--- RECORDS TO PROCESS ---

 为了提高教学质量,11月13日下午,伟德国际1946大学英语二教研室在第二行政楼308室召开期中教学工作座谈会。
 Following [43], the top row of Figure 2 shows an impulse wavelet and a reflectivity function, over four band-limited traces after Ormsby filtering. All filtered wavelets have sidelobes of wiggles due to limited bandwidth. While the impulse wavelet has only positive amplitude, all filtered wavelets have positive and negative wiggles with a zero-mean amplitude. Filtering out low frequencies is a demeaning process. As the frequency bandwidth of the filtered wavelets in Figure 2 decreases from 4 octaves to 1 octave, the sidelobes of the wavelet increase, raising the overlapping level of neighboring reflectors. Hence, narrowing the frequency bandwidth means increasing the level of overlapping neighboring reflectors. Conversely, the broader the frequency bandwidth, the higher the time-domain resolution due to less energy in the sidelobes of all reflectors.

---
--- RECORDS TO PROCESS ---

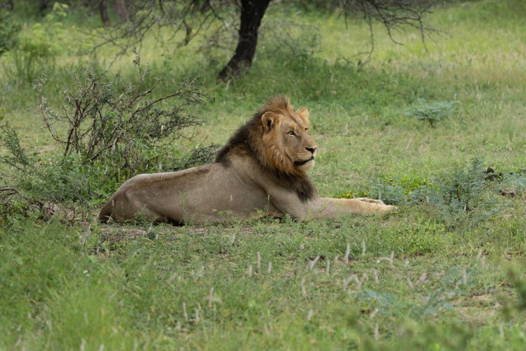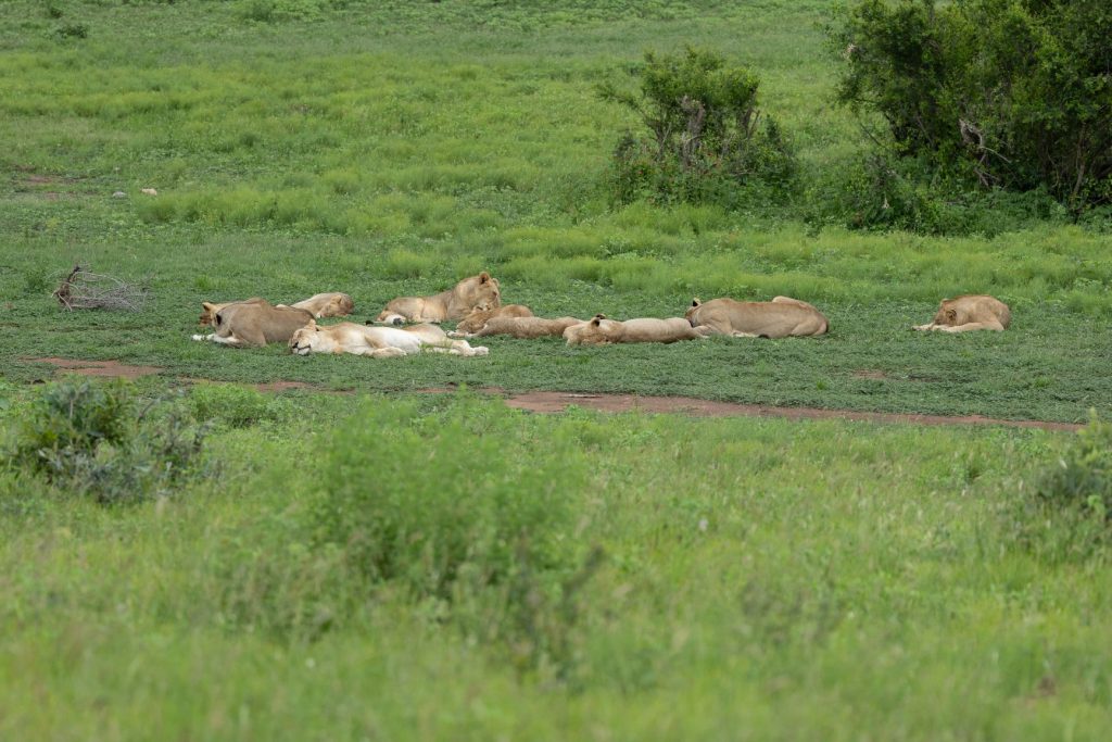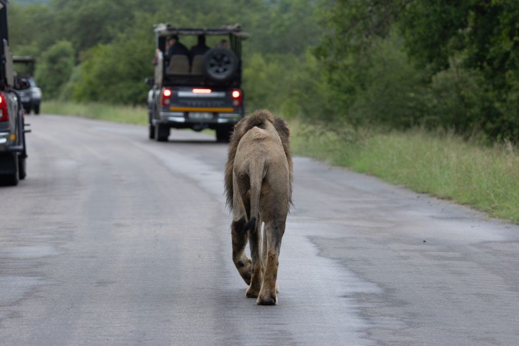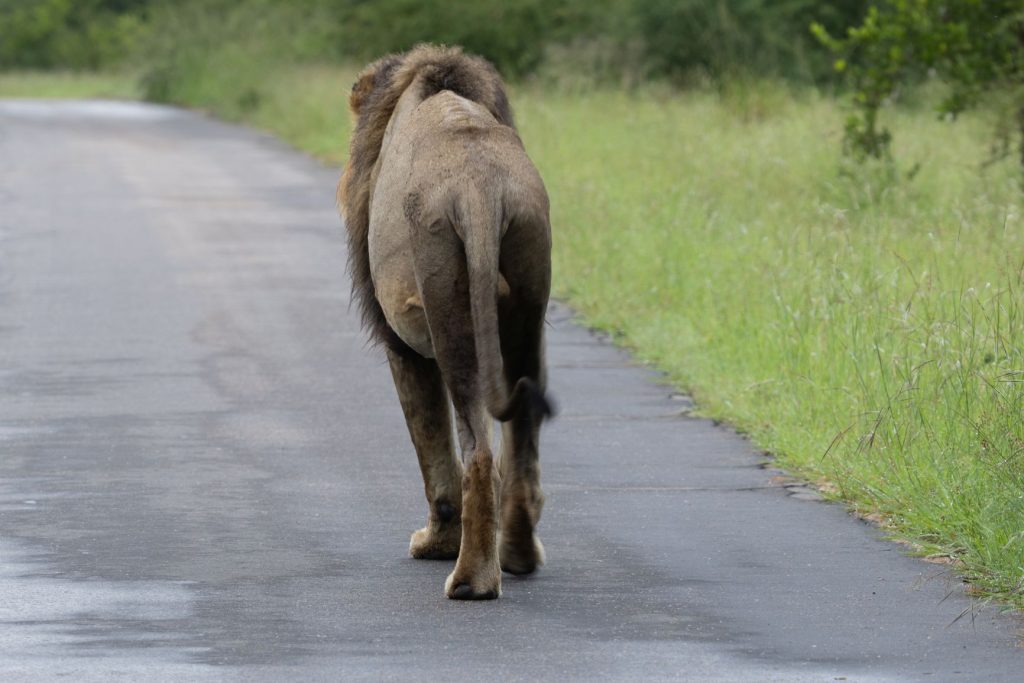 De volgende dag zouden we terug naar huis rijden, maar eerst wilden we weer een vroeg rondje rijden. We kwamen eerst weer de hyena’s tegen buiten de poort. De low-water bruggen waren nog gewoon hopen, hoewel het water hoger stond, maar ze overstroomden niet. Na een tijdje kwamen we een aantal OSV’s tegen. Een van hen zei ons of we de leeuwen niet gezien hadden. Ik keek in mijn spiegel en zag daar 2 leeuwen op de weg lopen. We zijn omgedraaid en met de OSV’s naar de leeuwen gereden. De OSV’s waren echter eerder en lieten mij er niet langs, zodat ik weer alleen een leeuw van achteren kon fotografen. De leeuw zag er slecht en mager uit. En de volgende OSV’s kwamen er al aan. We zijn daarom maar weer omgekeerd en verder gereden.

---

▶ **WHAT TO PRODUCE**:
Write out exactly the lines that fall from the line with "为了提高教学质量,11月13" to the line with "Following [43], the" in the records above, keeping both ends.

▶ **THE COMPLETED TASK**:
 为了提高教学质量,11月13日下午,伟德国际1946大学英语二教研室在第二行政楼308室召开期中教学工作座谈会。
 Following [43], the top row of Figure 2 shows an impulse wavelet and a reflectivity function, over four band-limited traces after Ormsby filtering. All filtered wavelets have sidelobes of wiggles due to limited bandwidth. While the impulse wavelet has only positive amplitude, all filtered wavelets have positive and negative wiggles with a zero-mean amplitude. Filtering out low frequencies is a demeaning process. As the frequency bandwidth of the filtered wavelets in Figure 2 decreases from 4 octaves to 1 octave, the sidelobes of the wavelet increase, raising the overlapping level of neighboring reflectors. Hence, narrowing the frequency bandwidth means increasing the level of overlapping neighboring reflectors. Conversely, the broader the frequency bandwidth, the higher the time-domain resolution due to less energy in the sidelobes of all reflectors.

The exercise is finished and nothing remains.